January 23, 2020 Read More →

IEEFA U.S.: Wind farms are forever

As coal, gas, and nuclear plants struggle to survive, a fast-growing industry digs in

When the Lake Benton II wind farm in southwestern Minnesota was taken offline this past October after 20 years of service, the shutdown made news for its novelty. Wind farms are being built these days, not closed, and Lake Benton II was supposed to last until 2029.

AT AROUND THE SAME TIME THAT THE 100-MEGAWATT (MW) WIND FARM MADE HEADLINES, AES Southland retired a 506MW gas-powered unit at its Los Angeles-area Redondo Beach plant, which was commissioned 70 years ago. Exelon Corp. had just retired the 820MW, 45-year-old nuclear plant at Three Mile Island in Pennsylvania, and the operators of Navajo Generating Station in Arizona had closed a 750MW unit as part of a phased shutdown that took the entire 2,250MW plant offline in November. The 630MW Unit 3 of the coal-fired, 39-year-old Baldwin Energy Complex in Illinois was retired in September, as was the 100MW Nucla coal plant in Colorado, after 60 years of operation.

But Lake Benton II was different. Indeed, timing is the only thing the Minnesota wind farm has in common with all those other plants, none of which are coming back.

The Lake Benton wind farm is being reconfigured now with 44 higher-performing turbines to replace the original 138. With a generation capacity of 100MW, it is not a gigantic wind farm, but it is a prime example of a resilient and booming industry that shows no sign of slowdown in its growth and that persists in part because wind farms seldom ever die. They are typically just retooled—“repowered” in industry terms—with new hardware that gives them another 20 or 30 years of life. Rarely is a wind farm ever truly decommissioned (see this 2013 report by the National Renewable Energy Laboratory and this item from the American Wind Energy Association).
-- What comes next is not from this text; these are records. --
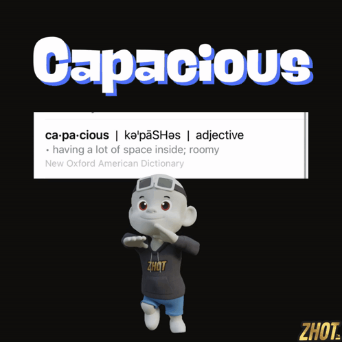 Animated character dances as the definition of "Capacious" (having a lot of space inside; roomy) is displayed.
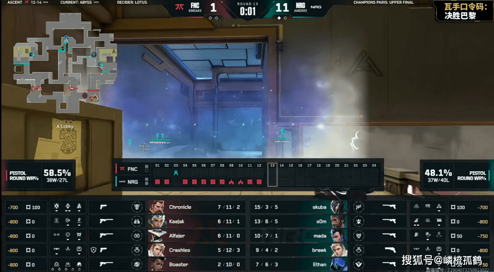 双方的图1是FNC的自选图亚海悬城,他们在这张图的胜率一直都不错,然而在上半场却被NRG打了一波8-4,着实让人非常惊讶,到了下半场,FNC拿下手枪局后,虽然在防守方整体打得还不错,但远低于他们平时的水平,NRG则靠着上半场的优势,下半场也是将比赛拖进了加时赛。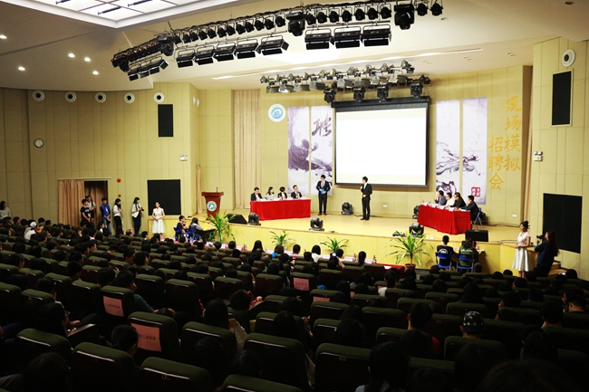 模拟招聘会在院党委副书记章德胜热情洋溢的致词中拉开序幕。比赛共分5个环节:自我展示、职场问答、专家点评、岗位推荐和专业评分。

States with the Most Wind-Generation CapacityMOMENTUM AROUND U.S. WIND-POWERED ELECTRICITY WAS DETAILED MOST RECENTLY in an update published in December by the Energy Information Administration (EIA) showing that wind-generation capacity in September hit 100GW nationally, a first. That milestone marked a more than doubling in capacity since 2012 and a roughly 300 percent increase over the past decade.

The agency—and others—see the trend accelerating. The EIA hasn’t compiled fourth-quarter 2019 data yet but said it expected an additional 7.2GW of wind generation to come online in December alone (EIA analysts note that more projects are commissioned toward the end of calendar years because developers rush to take advantage of expiring tax credits). The EIA is projecting that an additional 14.3GW of capacity will be installed in 2020, meaning that over the course of a year or so the 100GW recorded in September will have been eclipsed by more than 20 percent, a gain that suggests runaway momentum.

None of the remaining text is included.